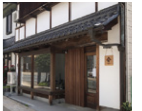
【MAP 2 B-3】
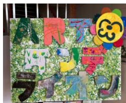
ART ダンデライオン (看板)

この他、美術や図工などで制作した作品の展示も行い、たくさんの皆様に興味深く御覧いただきました。
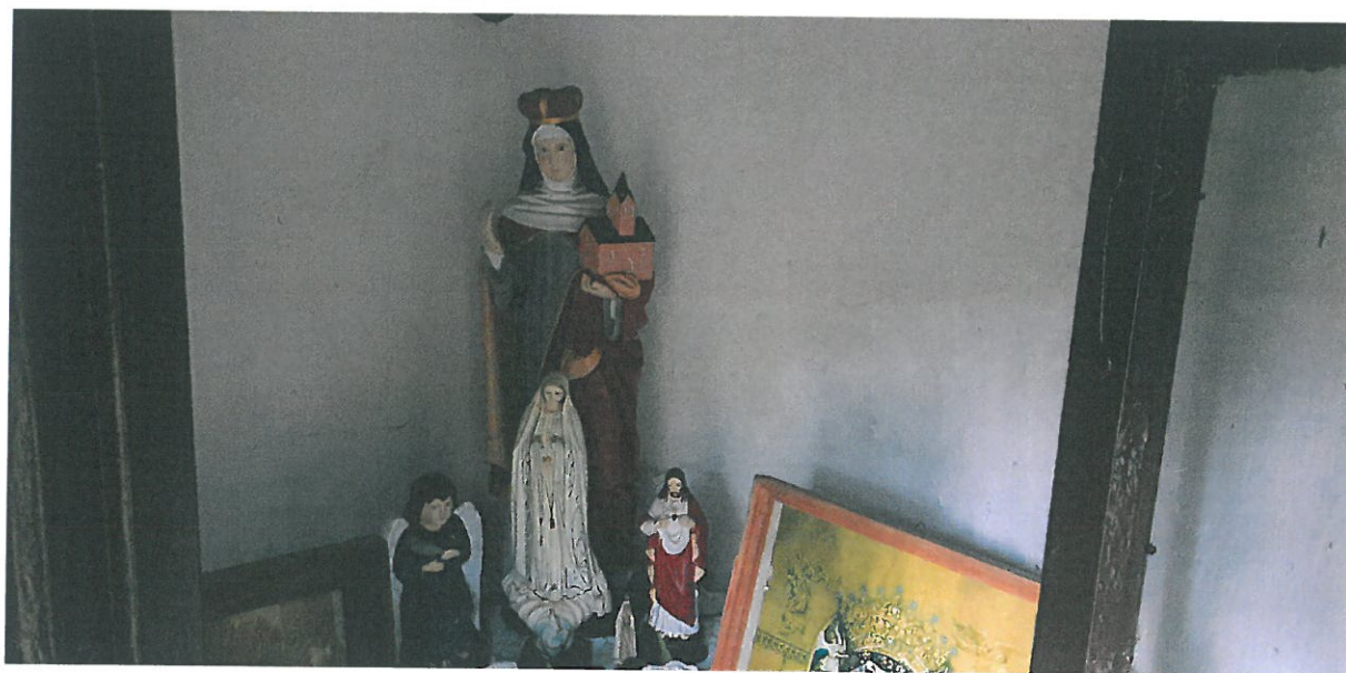
Fot 6. Kapliczka Matki Boskiej Pocieszenia w Podegrodziu. Widok wnętrza.

Obecnie ściany kapliczki pokryte są cienką warstwą tynku cementowego i pomalowane farbą emulsyjną.
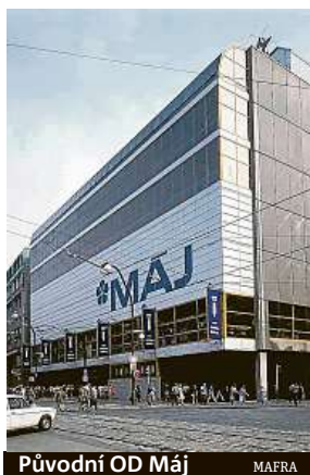
Původní OD Máj

Tyto otázky řeší autorský zákon. Ten stavbu považuje za trojrozměrnou rozmnoženinu autorského díla a má pro ni zvláštní režim. Autorské dílo je dokumentace, podle které je stavba postavena. Aby se ale jednalo o autorské dílo, musí být návrh stavby do určité míry originální. Ne nutně je tedy každá stavba autorským dílem.
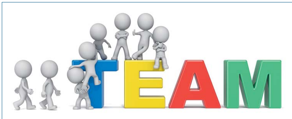
The Team. Dude 3D characters X8 climbing up on letters forming TEAM. Color version.
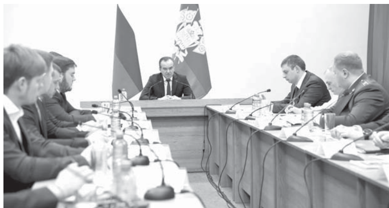
Губернатор Краснодарского края Вениамин Кондратьев побывал в одном из муниципальных образований Кубани

Затем Вениамин Кондратьев побывал на земельном участке в Ильском. Участок первоначально предназначался для строительства коммунальных объектов. Затем 6,8 гектара земли передали коммерческой организации, разделили на 61 участок под индивидуальное
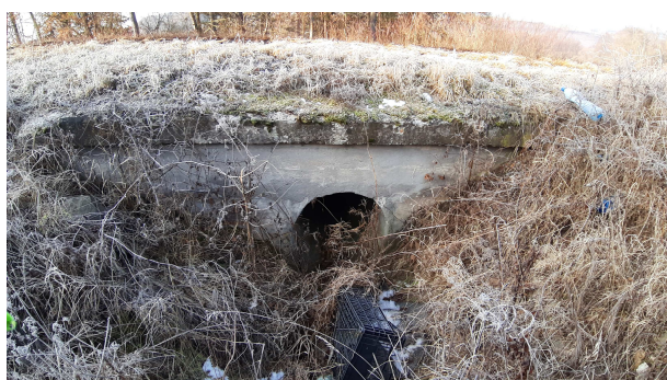
Pohľad na vtok
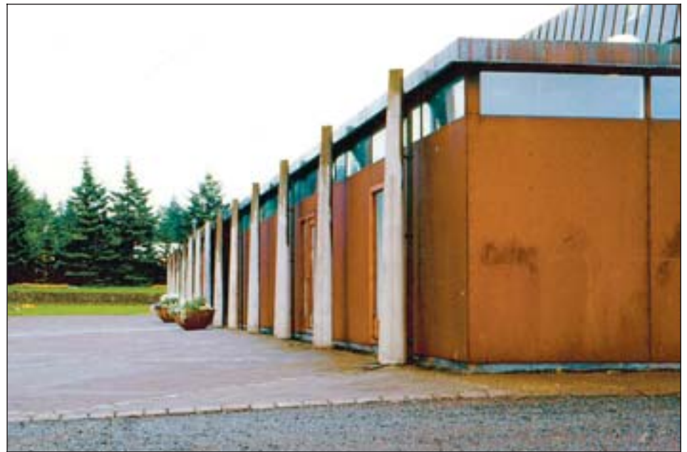
Myndlistarhúsið á Miklatúni. Kjarvalsstaðir voru vígðir formlega árið 1973.

Síðan vildum við fagna tímamótunum með sýningu sem væri ekki hefðbundin listsýning, heldur stiklur úr sögu Kjarvalsstaða, því það er ekki fyrir en maður fer að líta yfir úrklippusafnið sem maður gerir sér grein fyrir því hvað þetta hefur verið gífurlega mikið starf. Hér hafa verið vel á fimmta hundrað sýninga, auk fjölda annarra viðburða, svo sem leiksýninga, tónleika, danssýninga, borgarafunda, alþjóðlegra ráðstefna, kosninga – osfrv. Lengst af sínum tíma, og vonandi enn í dag, má líta á Kjarvalsstaði sem fjölþætta
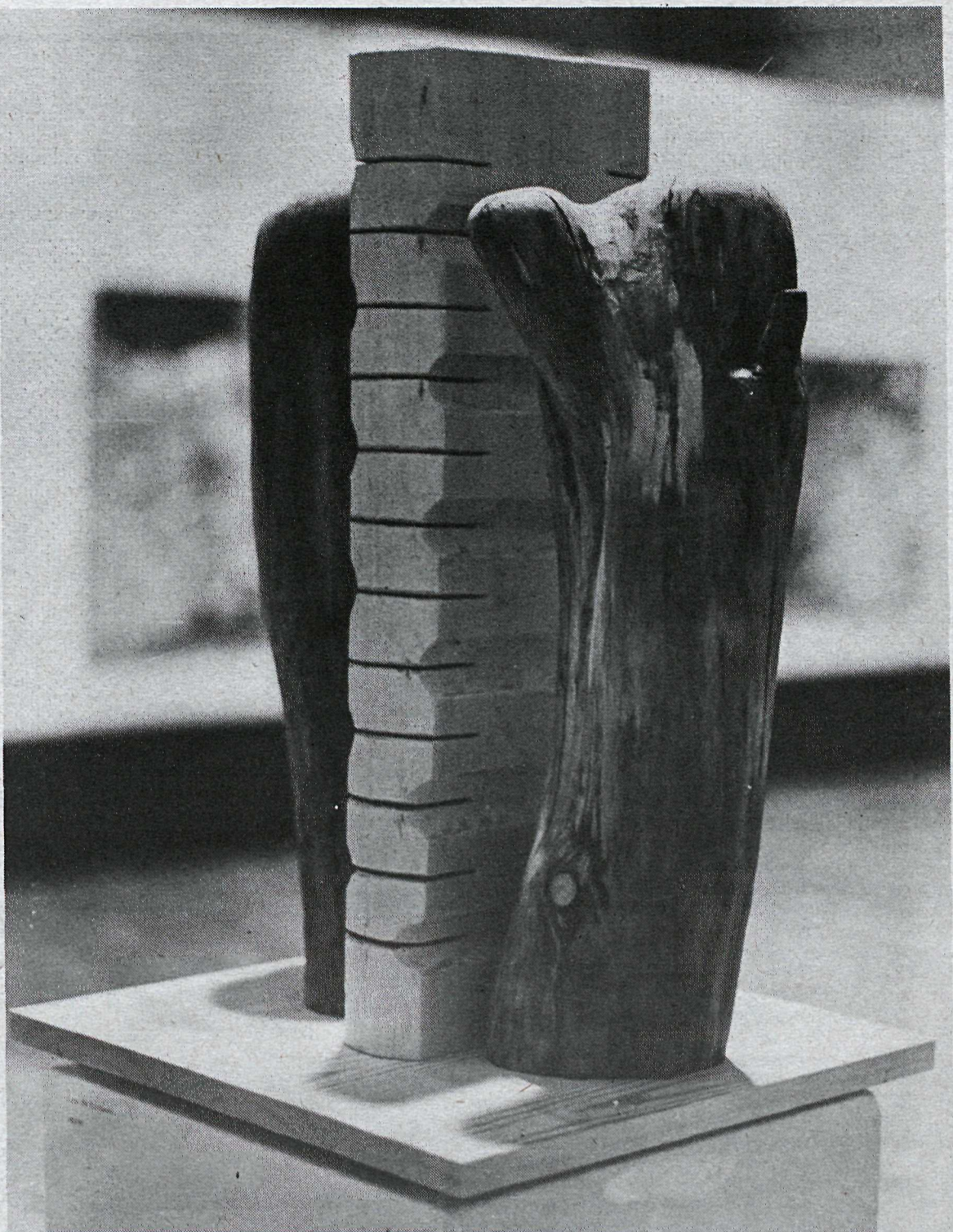
Múrinn eftir Sigurjón Ólafsson. Tvær kunnar andstæður: náttúran með sínum tilviljunarkenndu sérkennum og maðurinn sem rökræðilega mótar ákveðið táknmál í efnið.

Septembersýningin 1982 var tíunda samsýning hópsins. Og þegar lítið er yfir framleiðslu þeirra féлага þennan áratug er greinilegt að allir þessir listamenn hafa tekið miklum breytingum og unnið rökrétt og markvisst að eigin myndverki. Allt eru þetta „professional“ listamenn, sem öðlast hafa í hinni myndrænu vinnu sjálfstæðan listpersónuleika þó að upprunann megi eflaust finna í evrópsku abstraktmálverki 5. og 6. áratugarins.
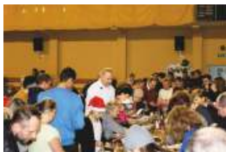
Degustacja i wybór najsmaczniejszych dań konkursu
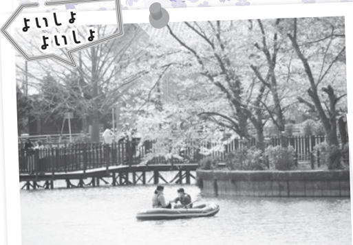
ボートに乗って、いつもとは違う景色を

東金桜まつりが4年ぶりに開催。多くの花見客が会場を訪れ、桜やイベントを楽しみながら春の訪れを感じていました。

* * *

• [What to produce] Copy each line of the listing that holds the word "Вениамин".

• [Solution for this task]
Губернатор Краснодарского края Вениамин Кондратьев побывал в одном из муниципальных образований Кубани
Затем Вениамин Кондратьев побывал на земельном участке в Ильском. Участок первоначально предназначался для строительства коммунальных объектов. Затем 6,8 гектара земли передали коммерческой организации, разделили на 61 участок под индивидуальное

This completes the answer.